By this time next year, the 800 people who work for Whatcom County government should have new telephones. The County Council took an initial step to replace the county's 22-year-old phone system by voting unanimously Tuesday, June 17, to set aside $2.2 million for the upgrade.
One of the newest council members was concerned the county might not be getting the best deal.
Rud Browne said his technology background tells him the cost is too high. Browne, who took office in January, founded the refurbished-electronics business Ryzex in Bellingham.
He argued in Tuesday's meeting of the council Finance and Administrative Services Committee that the county's consultant wasn't looking closely enough at cloud-based phone systems.
J.R. Simmons, president of the Kirkland-based consultant COMgroup, made the financial case for an "on-premise" system, in which the computer server is owned and operated by the county. He told the council that cloud-based systems are less expensive only in the short run and make economic sense for systems smaller than what the county needs.
Browne asked for an extension of the deadline for telecommunications companies to submit proposals to the county, although the council took no action on an extension.
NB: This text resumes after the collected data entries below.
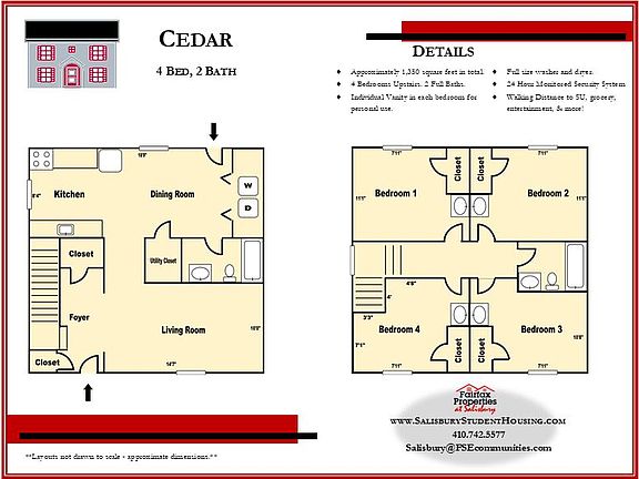 4 bedroom 2 bath house located in the highly sought after Cedar Crossing Community in Salisbury. There is a bathroom on each floor and all bedrooms are upstairs and have a sink and vanity in them for getting ready in a hurry. Pets are welcome* for an additional fee, 24/7 security systems for front and back door. Great outdoor living spaces for all to enjoy. -Income requirement is 2x the amount of rent per month, NET PAY (after all deductions). -Can schedule tours day of (aside from weekend) after income qualifying. -Resident is responsible for all utilities.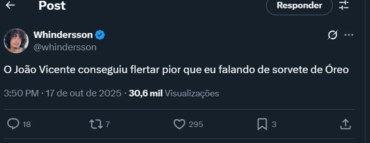 Diante da troca de mensagens picante, Whindersson Nunes se manifestou. No seu perfil do X, antigo Twitter, o ex-marido de Luísa Sonza debochou do “flerte” de João Vicente de Castro: “O João Vicente conseguiu flertar pior que eu falando de sorvete de Óreo”, brincou o famoso.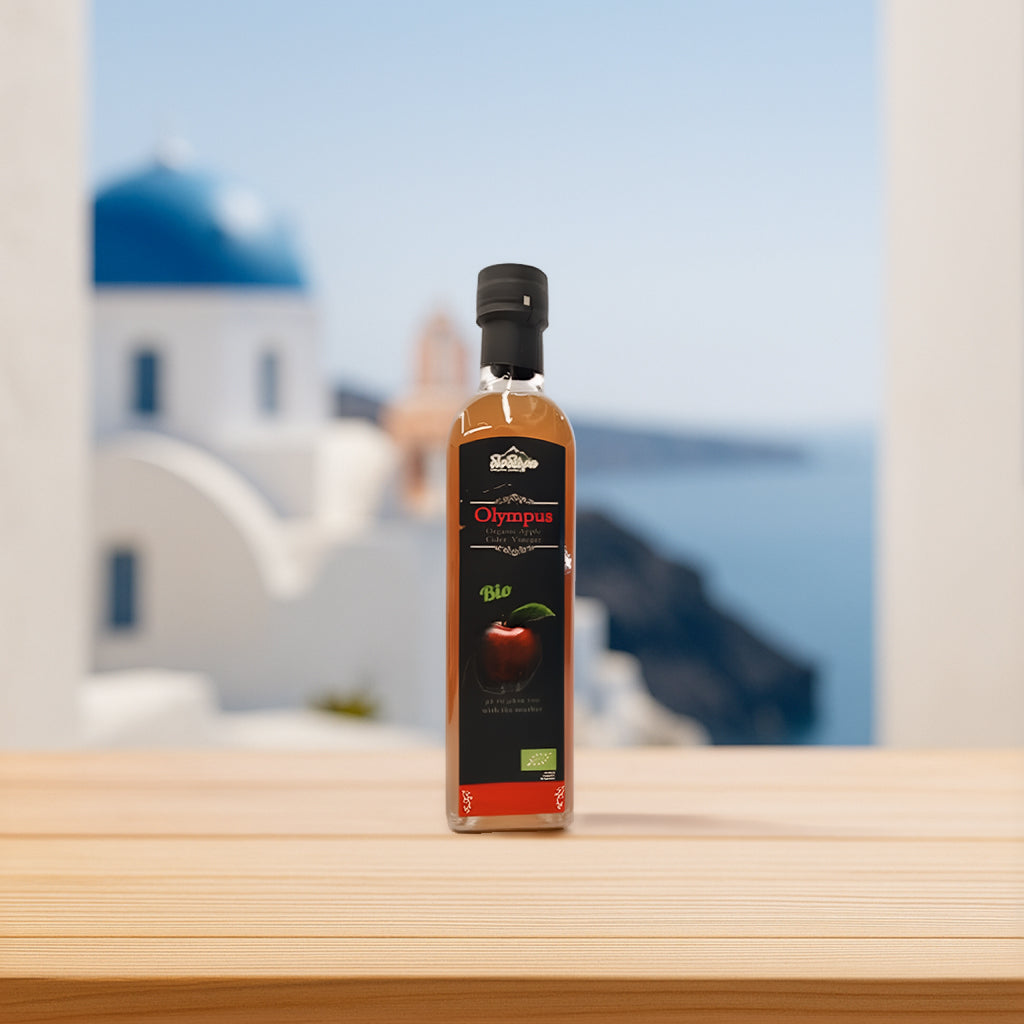 Organic Greek Apple Cider Vinegar with the Mother, 500 ml (17 fl oz). Raw, unfiltered, and alive with probiotics—crafted near Mt. Olympus for wellness and Mediterranean cooking.

The deadline is July 1.
"I want to make sure we've got adequate time to attract the best bidders possible, so we get both the best technological solution and the best price," Browne said.
Perry Rice, the county's information technology manager, said Browne had a point.
"There's a lot of advantages to having a cloud-based system," Rice said. "It keeps the infrastructure current because you get these technology refreshes every couple of years, but we have to make sure it scales to the size and complexity of our organization."
The phone system will include 1,170 lines for all employees who have phones at their desks, as well as lines for fax machines, conference rooms, security alarms and other uses.
Instead of pressing for the extension, Browne ultimately asked county staff for information he could pass along to telecommunications companies he knew that were unaware of the county's planned upgrade.
The new system is sorely needed and has been for a long time, said council member and former county executive Pete Kremen. The phones were already obsolete, Kremen said, when he took over as executive in January 1996.
"I want to be able to go forward, have a system that is adaptable to continue to be state-of-the-art for years to come," he said.
Simmons said ongoing upgrades, even on a county-owned system, are easier now that they simply require software changes, not new equipment. Those upgrades are included in the $108,000 in projected annual maintenance costs, he said.
Although the county has more than $2.2 million in a fund to pay for installation of the new phones, the system could cost less. The amount set aside includes a 10 percent add-on for unforeseen costs. Based on early communications, county staff say several bidders will compete for the job.
"Hopefully the solution is well under the budget amount," Simmons said.
The county has been saving money in departments such as finance, IT and human resources, enabling it to afford the new phones without raising taxes, said current Executive Jack Louws.
"I'm pleased with the fiscal restraint our leaders and departments have exhibited in the last few years," he said in a prepared statement. "It's given us the ability to present and maintain a fiscally sustainable budget while making improvements to our efficiency by upgrading our technological infrastructure."